By the end of this section, you will be able to:

  • Describe two important properties of the universe that the simple Big Bang model cannot explain
  • Explain why these two characteristics of the universe can be accounted for if there was a period of rapid expansion (inflation) of the universe just after the Big Bang
  • Name the four forces that control all physical processes in the universe

The hot Big Bang model that we have been describing is remarkably successful. It accounts for the expansion of the universe, explains the observations of the CMB, and correctly predicts the abundances of the light elements. As it turns out, this model also predicts that there should be exactly three types of neutrinos in nature, and this prediction has been confirmed by experiments with high-energy accelerators. We can’t relax just yet, however. This standard model of the universe doesn’t explain all the observations we have made about the universe as a whole.

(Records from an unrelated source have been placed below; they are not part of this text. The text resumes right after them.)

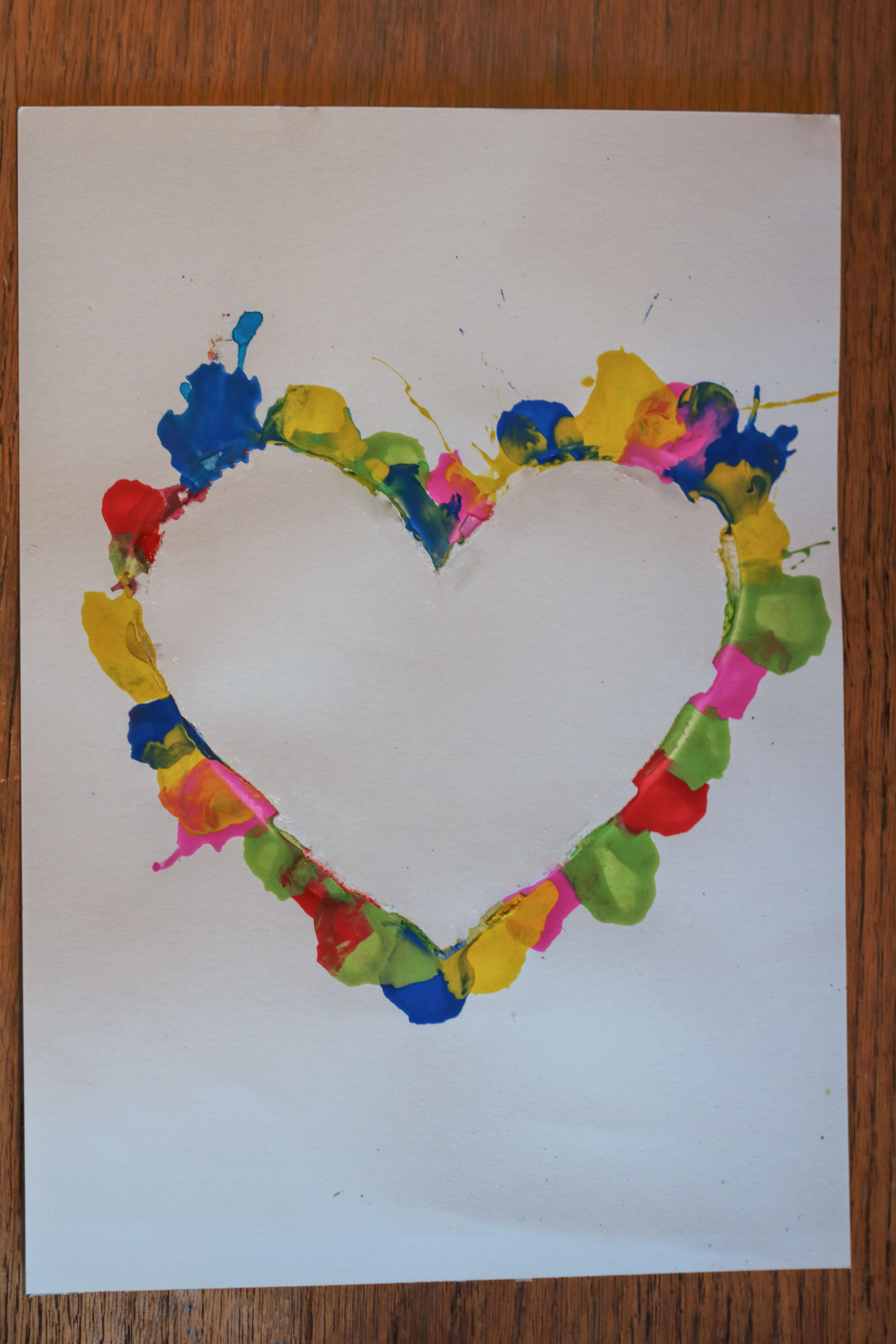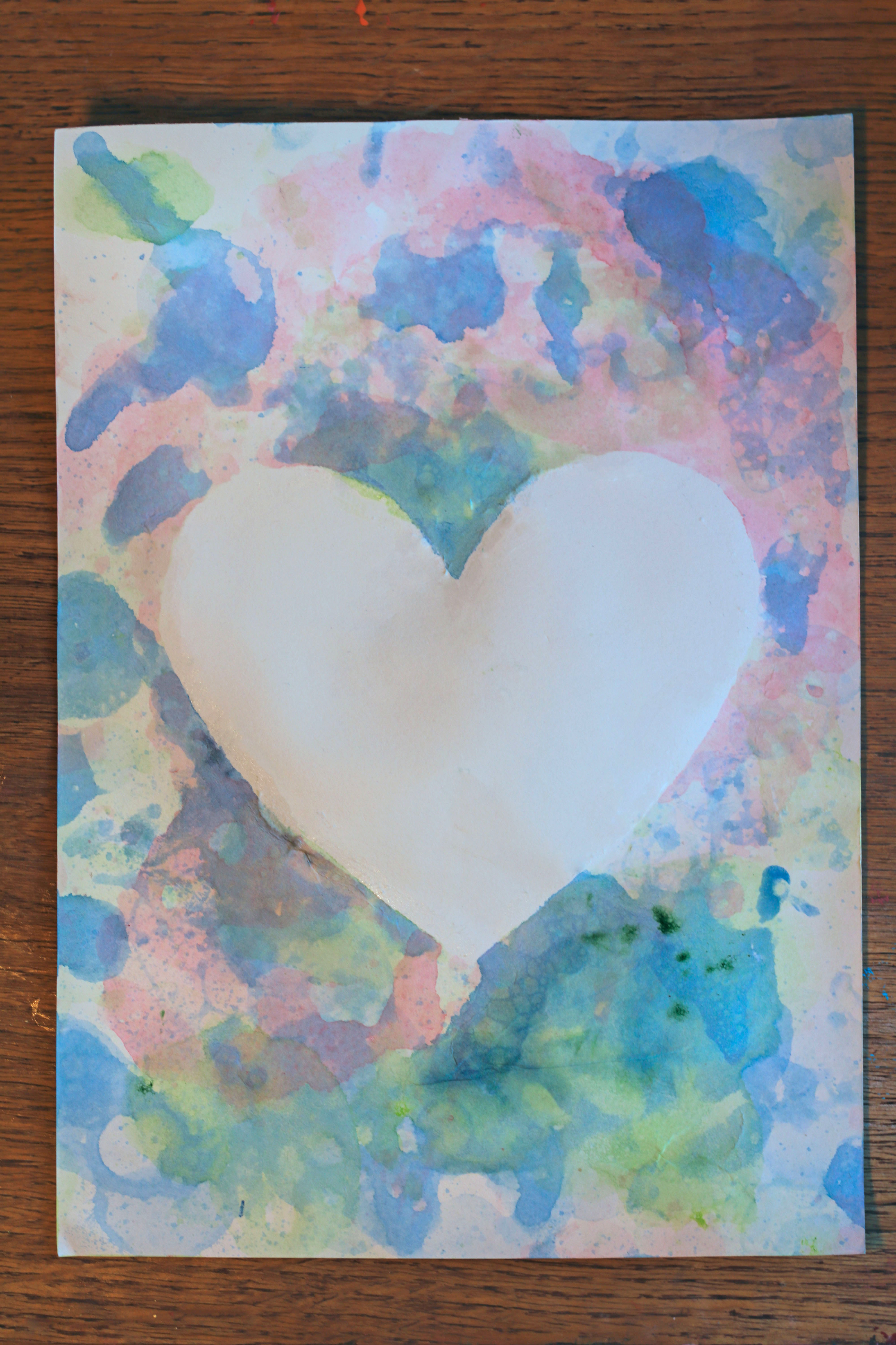 Sobald alles gut getrocknet ist, kann die Schablone vorsichtig abgezogen werden. So bleibt das Herz oder Motiv hell, während das Bild rundherum bunt leuchtet.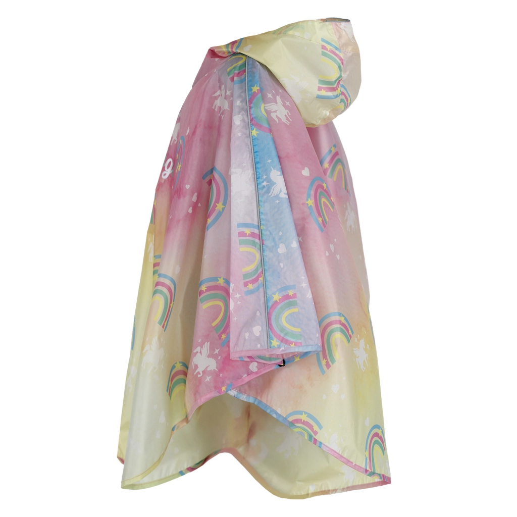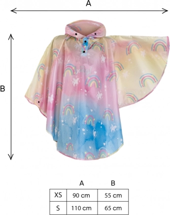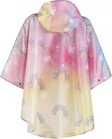 Stilski dječji kišni pončo s kapuljačom i šiltom u čarobnom dizajnu jednoroga i duge. Lagan vodonepropusan materijal, reflektirajući elementi za sigurnost i kroj preko ruksaka ili školske torbe čine ovu kabanicu idealnim izborom za školu i izlete. U pakiranju je praktična vrećica na zatezanje u usklađenom dizajnu.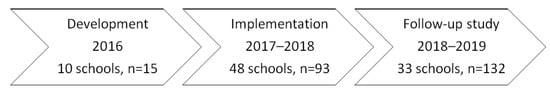 In 2016, 10 comprehensive schools began to participate in a 4-year pilot period. The pilot schools’ participation was based on their own motivation and the agreement of the principal. The entire development and implementation process was based on co-creation, with the schools giving important input for changes and eliciting new social practices [38], which are considered a preliminary condition for a change in general school culture. In 2021, the program has scaled up and 148 schools have joined the network out of the 512 comprehensive schools in Estonia.
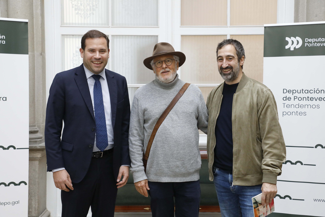 A Deputación de Pontevedra recibiu este xoves a Héctor Abad Faciolince, un dos autores que encabezan o cartel do encontro Pontevedra Literaria. Xuventude e Artes que a institución organiza este xoves e venres no Museo de Pontevedra. O vicepresidente Rafa Domínguez acompañou a Faciolince nun percorrido por varias das librarías máis singulares da cidade e, a continuación, o deputado de Cultura, Xuventude e Reto Demográfico, Jorge Cubela, recibiuno xunto a Rafa Cabeleira no Pazo provincial, onde percorreron as instalacións e mantiveron un encontro na Sala de Xuntas.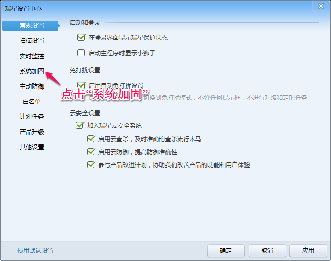 3、點(diǎn)擊瑞星設(shè)置中心左側(cè)的“系統(tǒng)加固”。
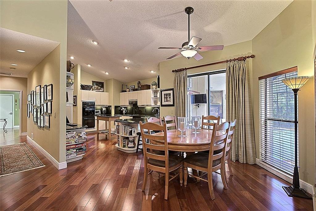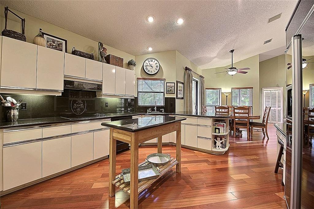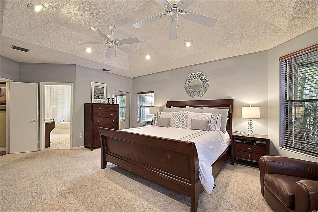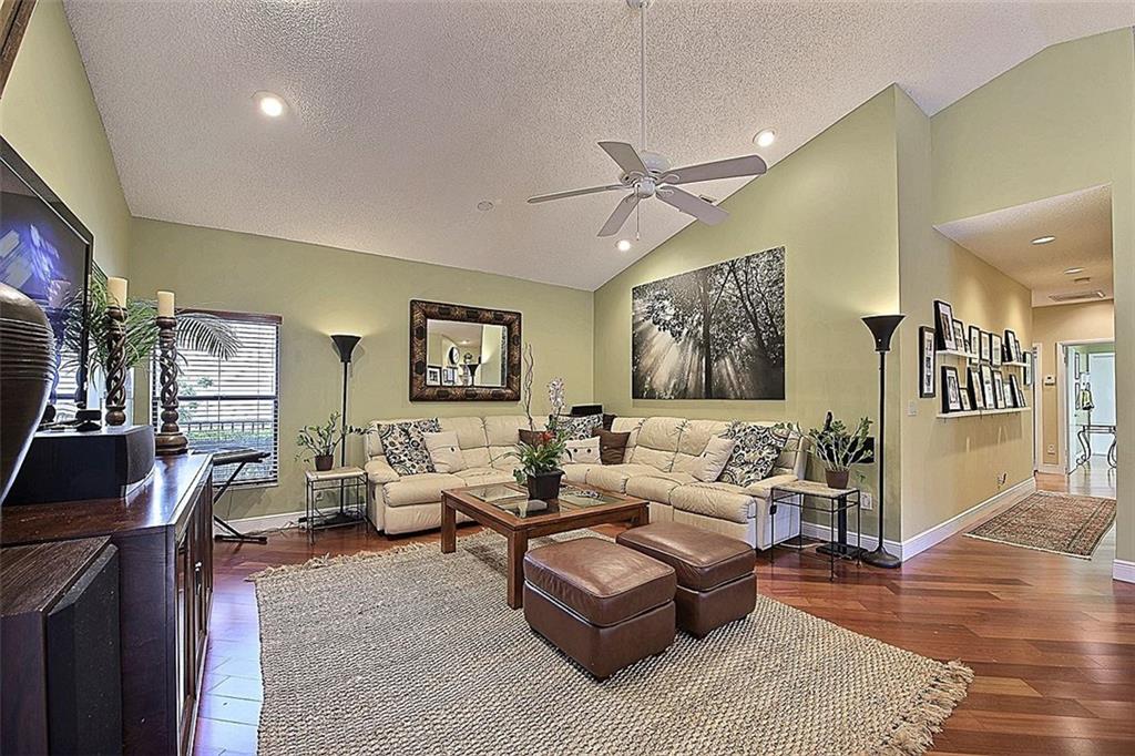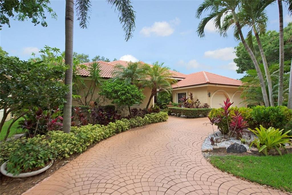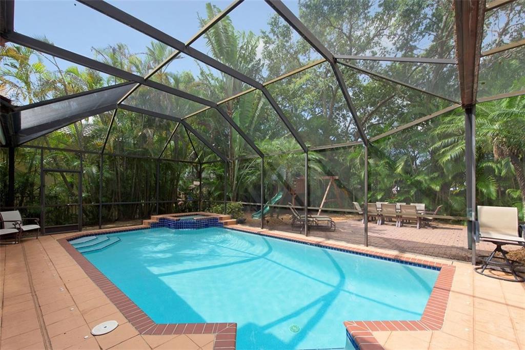 Tropical paradise on quiet park-like cul de sac. Contemporary architecture, high flat and cathedral ceilings with transom glass windows. Accordion hurricane shutters and newer 2006 roof. Two zone A/C and water heaters. Updated kitchen and baths. Gorgeous cheery wood floors throughout living areas. Large bedrooms in desirable split bedroom floor plan. Heated pool and spa, completely screened and fenced. Open playground, deck and built-in BBQ. Fabulous guard gated community with great amenities.

Problems with the Standard Big Bang Model

There are a number of characteristics of the universe that can only be explained by considering further what might have happened before the emission of the CMB. One problem with the standard Big Bang model is that it does not explain why the density of the universe is equal to the critical density. The mass density could have been, after all, so low and the effects of dark energy so high that the expansion would have been too rapid to form any galaxies at all. Alternatively, there could have been so much matter that the universe would have already begun to contract long before now. Why is the universe balanced so precisely on the knife edge of the critical density?

Another puzzle is the remarkable uniformity of the universe. The temperature of the CMB is the same to about 1 part in 100,000 everywhere we look. This sameness might be expected if all the parts of the visible universe were in contact at some point in time and had the time to come to the same temperature. In the same way, if we put some ice into a glass of lukewarm water and wait a while, the ice will melt and the water will cool down until they are the same temperature.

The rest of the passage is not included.